BS: Do you think you've gotten bigger in death than in life?
DB: I don't know if we've gotten bigger, but we've definitely had some staying power that I never would've predicted when we stopped playing in nineties. The funny thing is, we stopped playing in 1998, and for a couple years, it died a very quick death, and you didn't really hear much about Polvo. But then a few years later, it started to get back to me that people hadn't forgotten Polvo, which was nice, and unexpected, and a little strange, actually.
I don't know why some bands get lost in time and others stay on people's minds, and we're fortunate that we did. There were a lot of good ones from our era, and I don't know why someone would remember us as opposed to, say, Unwound.
BS: It might have something to do with the trouble people have always had figuring out your sound.
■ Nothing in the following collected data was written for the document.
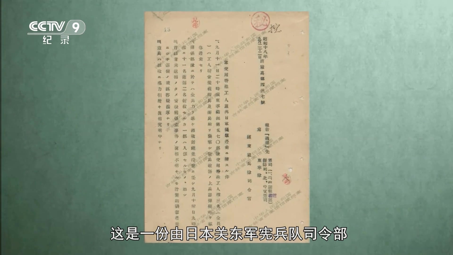 这是一份由日本关东军宪兵队司令部留存的绝密档案
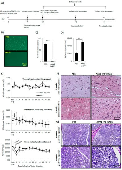 2.2. The Maximum Intrasciatic Injectable Dose of AAV1-rP0-mASC Is Not Associated with Neurotoxicity in Naïve Immunocompetent Mice
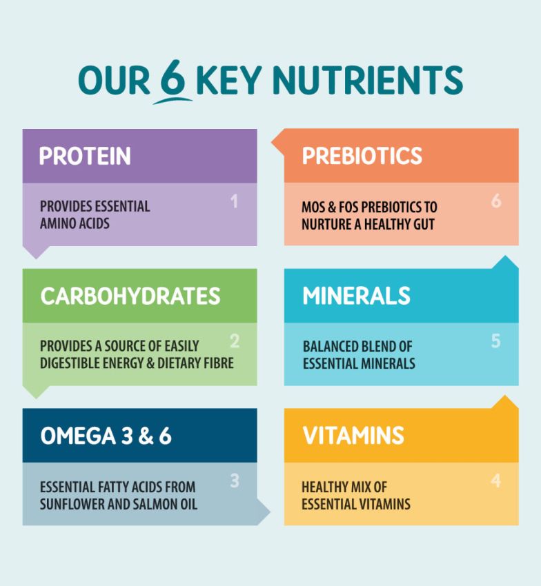 This essential mix of protein, carbohydrate and fibre create an easier digested product for your dog. Omegas 3 and 6 are included in Sunflower and Salmon oils to help maintain healthy skin and promote a healthy coat for your adult dog throughout its life.
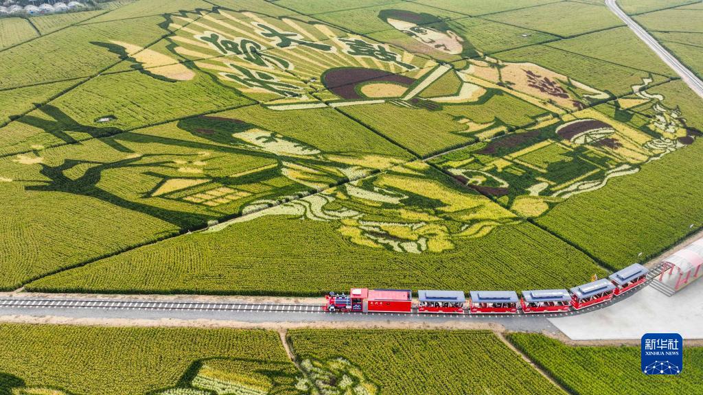 10月1日,游客乘坐小火車在河北省遵化市團瓢莊鄉山里各莊村稻田畫景區賞景(無人機照片)。
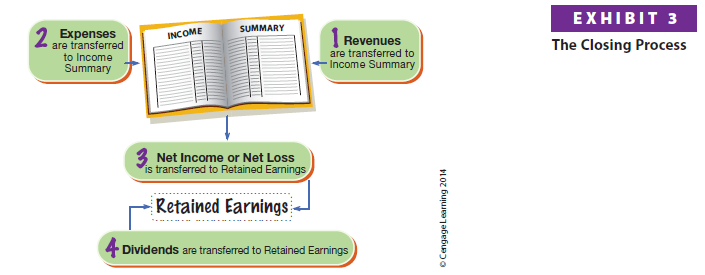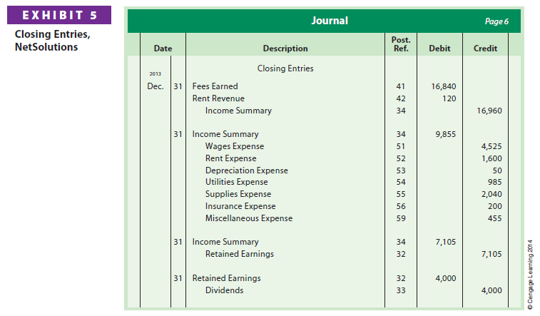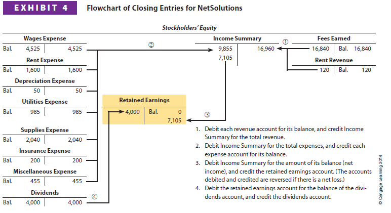 A flowchart of the four closing entries for NetSolutions is shown in Exhibit 4. The balances in the accounts are those shown in the Adjusted Trial Balance columns of the end-of-period spreadsheet shown in Exhibit 1.
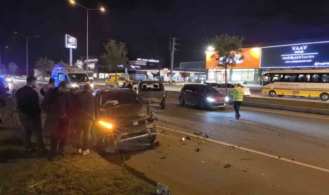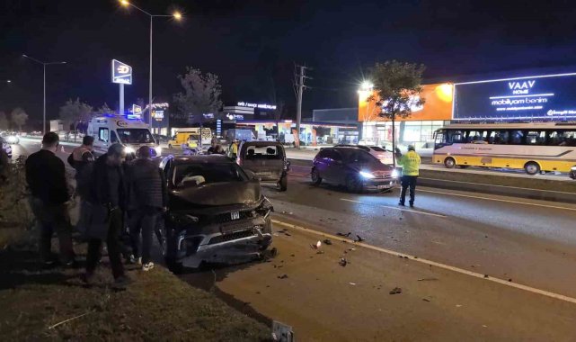 Bursa'nın İnegöl ilçesinde meydana gelen zincirleme kazada 1'i ticari araç ile 2 otomobilin çarpışması sonucu 3 kişi yaralandı.
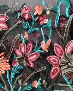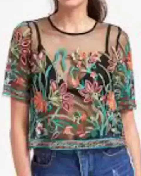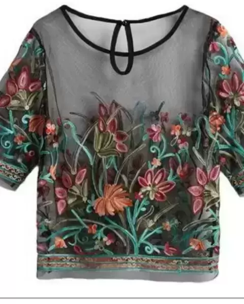 Top negro transparente malla , manga corta con bordado en distintos colores, muy bonita a la cintura, fresca…se puede combinar desde pantalon formal, falda o shorts, te encantará
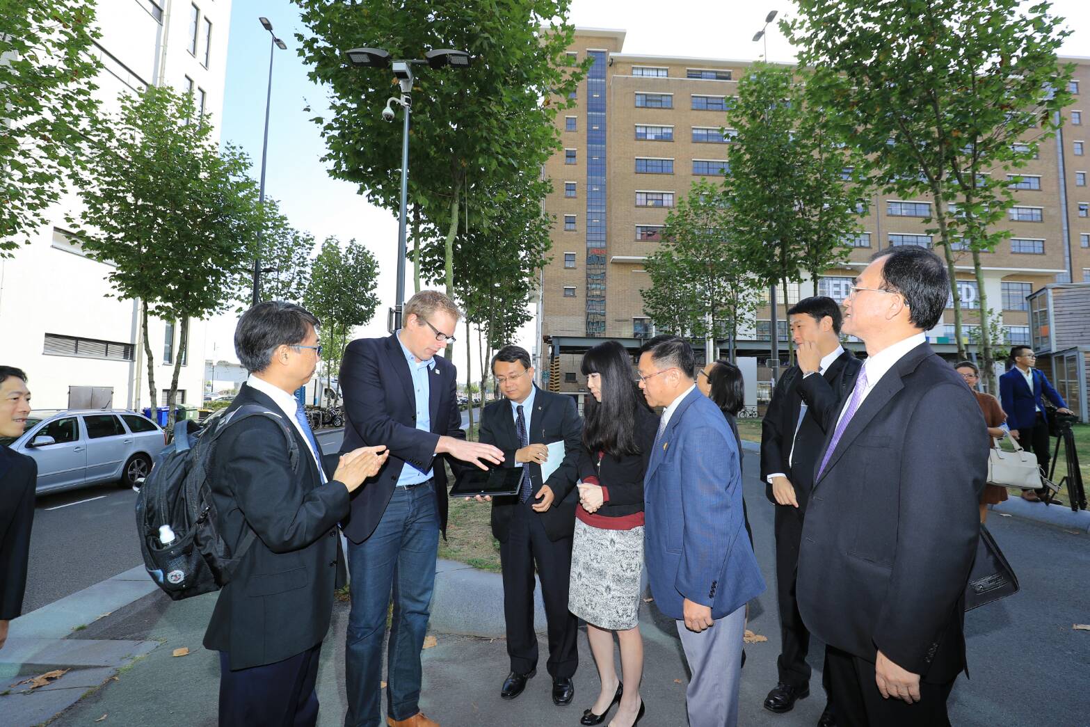 台中市長林佳龍原訂9月22日至29日出訪荷蘭、德國進行市政考察及招商引資,因颱風襲台已提前返國坐鎮,市府經濟發展局長呂曜志、秘書處長李如芳等人率領台灣企業代表今(26)日依照原訂行程參訪荷蘭恩荷芬市Strijp-S文創園區,由Strijp-S文創園區主任Thijs van Dieren導覽接待。
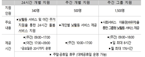 서비스 유형은 야간돌봄을 포함한 24시간 개별 서비스 340명, 낮활동 서비스로 주간 개별형 500명과 주간 그룹형 1500명으로 총 2340명에게 제공하게 된다.

I always got annoyed when Polvo was described as "math-y."
DB: There’s a lot of math rock bands I really like. I think our umbrage with that descriptor is more that we didn’t feel like we were completely worthy of it. Polvo definitely has a primitive-ness that’s antithetical to math-rock. I think it’s just more like our stopping and starting within a song. Most of our songs are 4/4. Sometimes we slip in some extra some stuff, but we’re pretty straightforward, time-signature wise. We get asked about it all the time, though. I think because it's on our Wikipedia page.
BS: And before that there were the Sonic Youth comparisons.
DB: If you read our very early interviews, early 90s, one of the questions is always "who are your influences?" And it’s like so obvious who are influences are that we would say, “We don’t have any influences.” But it’s so fucking obvious that Husker Du, Meat Puppets, and Sonic Youth are our influences. We became more comfortable later on acknowledging how important they were to us.
The main thing we share with Sonic Youth is that they’re very much a rock band. As experimental as they are, they’re still at the core a rock band that pushes whatever envelopes they push and I think we share that element too. We’re a rock band. It’s not more mystical than that, unfortunately; there’s no mysticism involved. Two guitars, bass, drums.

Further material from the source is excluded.